(What is expected): Once the line containing "harmful UV rays." is found in the data below, repeat it and every later line exactly, leaving the pictures out.

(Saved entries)
******
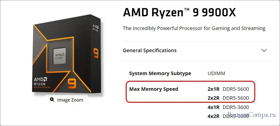Максимальная частота памяти DDR5, поддерживаемая процессорами AMD Ryzen 7000-й и 8000-й серии, составляет 5200 МГц. А новейшими Ryzen 9000-й серии – 5600 МГц. Правда, всё это при условии работы только 2-х планок памяти. 4 планки памяти будут работать на частоте 3600 МГц, что связано с нагрузкой на контроллер памяти.
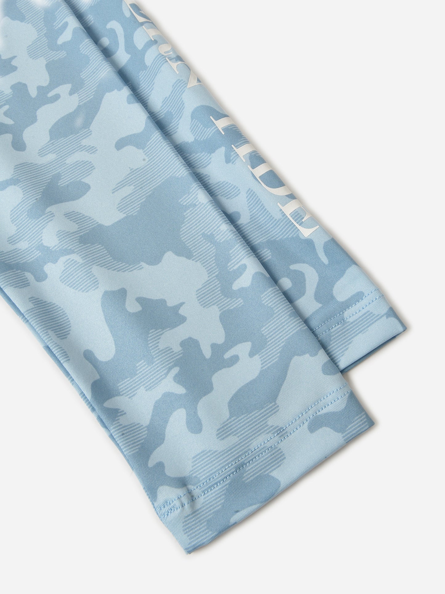 A breathable, long-sleeve tee made from lightweight performance fabric with a custom camo print.
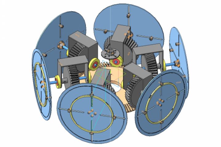 Планетарная карусель предназначена для вращения подложкодержателя с подложкой по двум осям. Состоит из: коническое колесо (м2); конические шестерни (м2); вттулки подшипников; подшипники; кронштейн; ось; подложка с баянетным соединением; оправка; пружинные прижимы.
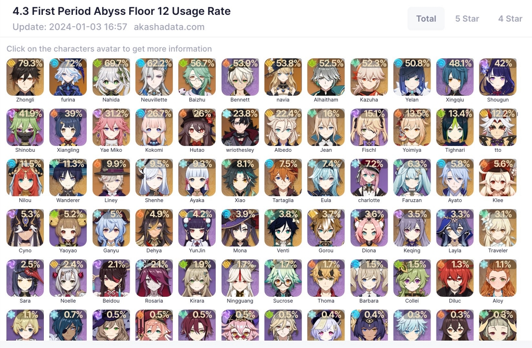 1월 3일까지 아캬사에 등록된 나선비경 캐릭터 전체 픽률을 보면 종려와 베넷이 다시 상승세에 코코미는 하락세이며 나머지는 지난 나선비경과 비슷한데 이번게 픽업 중인 나비아의 픽률이 50%를 넘어가고 있습니다.
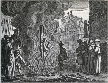 Foto boven: Een brandstapel Foto rechts: Een herdruk uit de vorige eeuw met zo’n 1600 executies
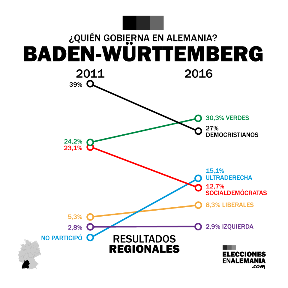 Tras estas elecciones quedó de manifiesto que la hegemonía de los democristianos en el sur se ha desintegrado. Si bien sigue siendo un partido mayoritario, la CDU tiene varios frentes abiertos. Para los verdes Baden-Württemberg se ha transformado en un verdadero hito. No solo por su valor simbólico, ni por ser el primer gobierno verde de la historia, ni tampoco por sus logros electorales. Baden-Württemberg le permitió a los verdes redefinir su identidad partidaria y ofrecerse como alternativa a votantes de centro e incluso de centro-derecha.
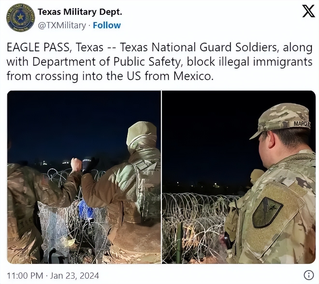 得州的州國民警衞隊開始在美墨邊境上拉起鐵絲網圍欄,並用武力手段阻止非法移民進入得州。
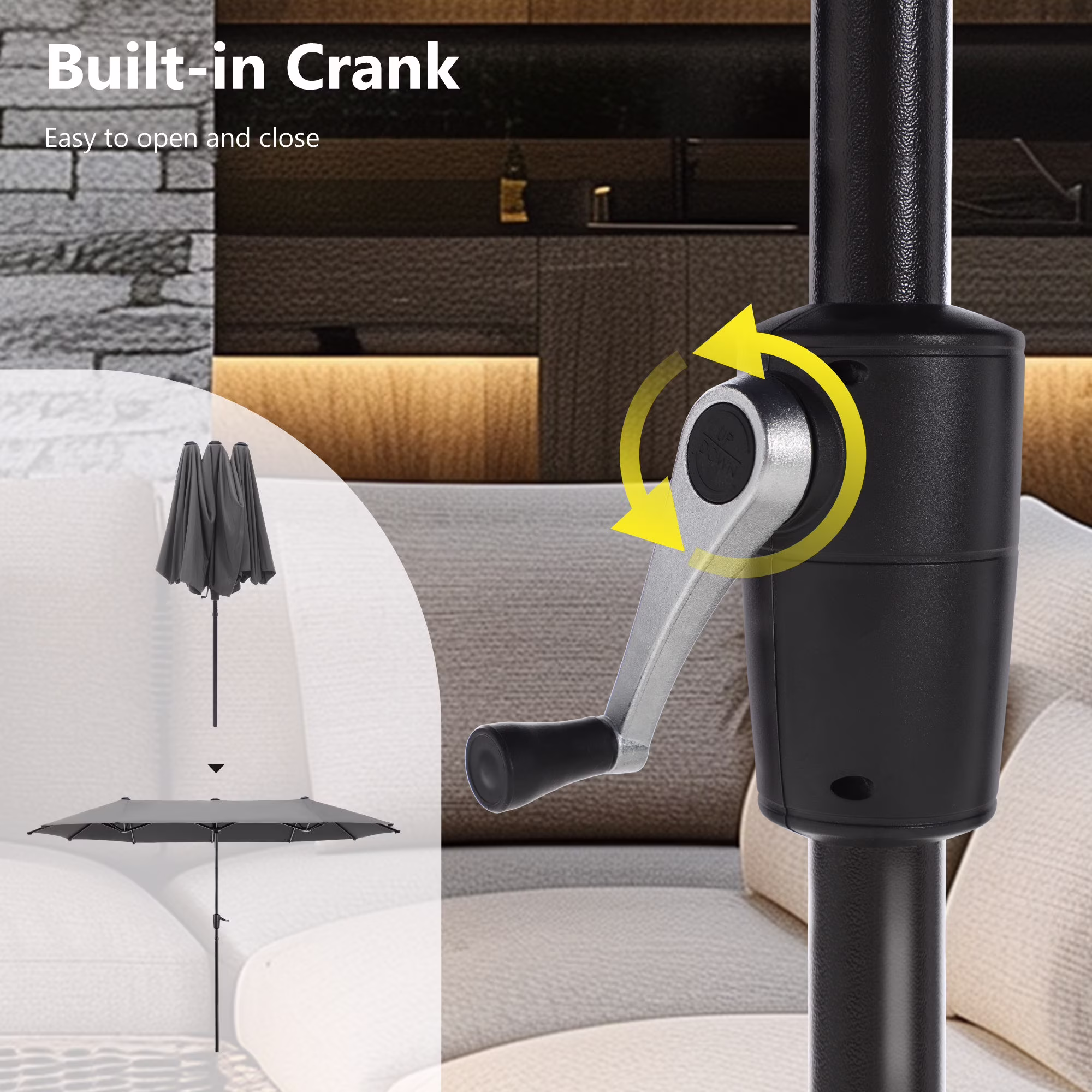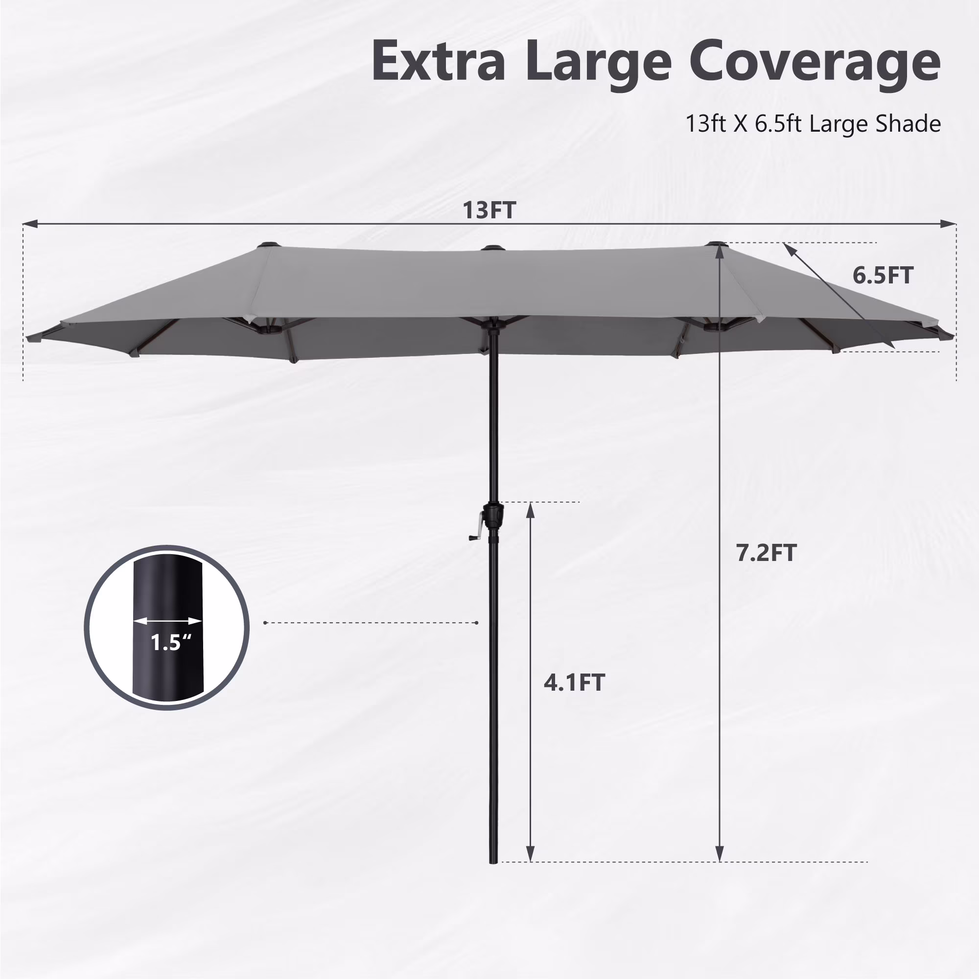 • 13ft Patio Umbrella: This umbrella features 12 reinforced ribs, a robust 1.5" diameter pole, and a durable 180G polyester canopy. It provides ample shade and 99% UV protection, keeping your family and friends safe from harmful UV rays.
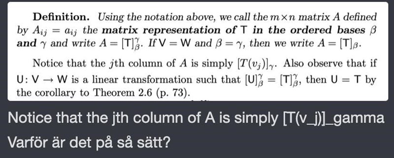 Notera att = e1 = fösta vektorn i standardbasen för = .
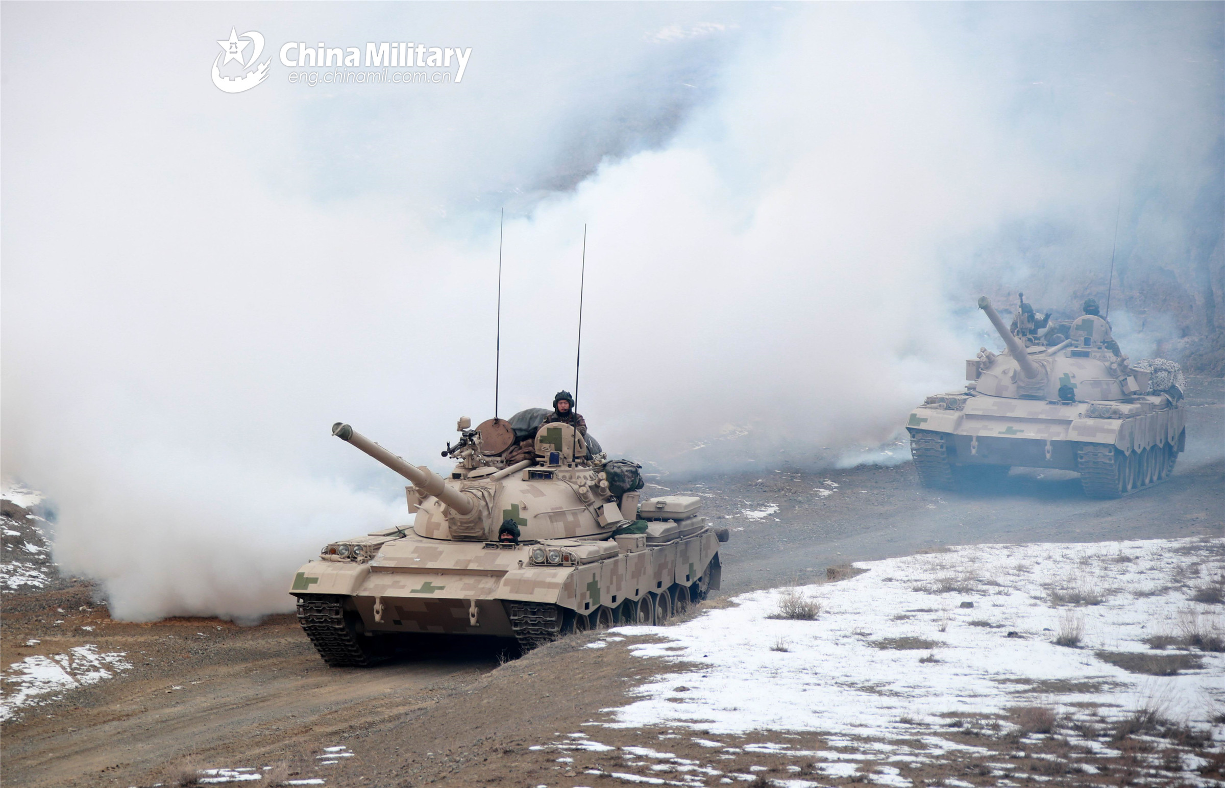 Main battle tanks (MBTs) attached to an armored element of a combined-arms regiment under the PLA Xinjiang Military Command are en route to the training field during a tactical maneuver training exercise on November 30, 2022. (eng.chinamil.com.cn/Photo by Yuan Kai)
******
(Finished exercise):
 • 13ft Patio Umbrella: This umbrella features 12 reinforced ribs, a robust 1.5" diameter pole, and a durable 180G polyester canopy. It provides ample shade and 99% UV protection, keeping your family and friends safe from harmful UV rays.
 Notera att = e1 = fösta vektorn i standardbasen för = .
 Main battle tanks (MBTs) attached to an armored element of a combined-arms regiment under the PLA Xinjiang Military Command are en route to the training field during a tactical maneuver training exercise on November 30, 2022. (eng.chinamil.com.cn/Photo by Yuan Kai)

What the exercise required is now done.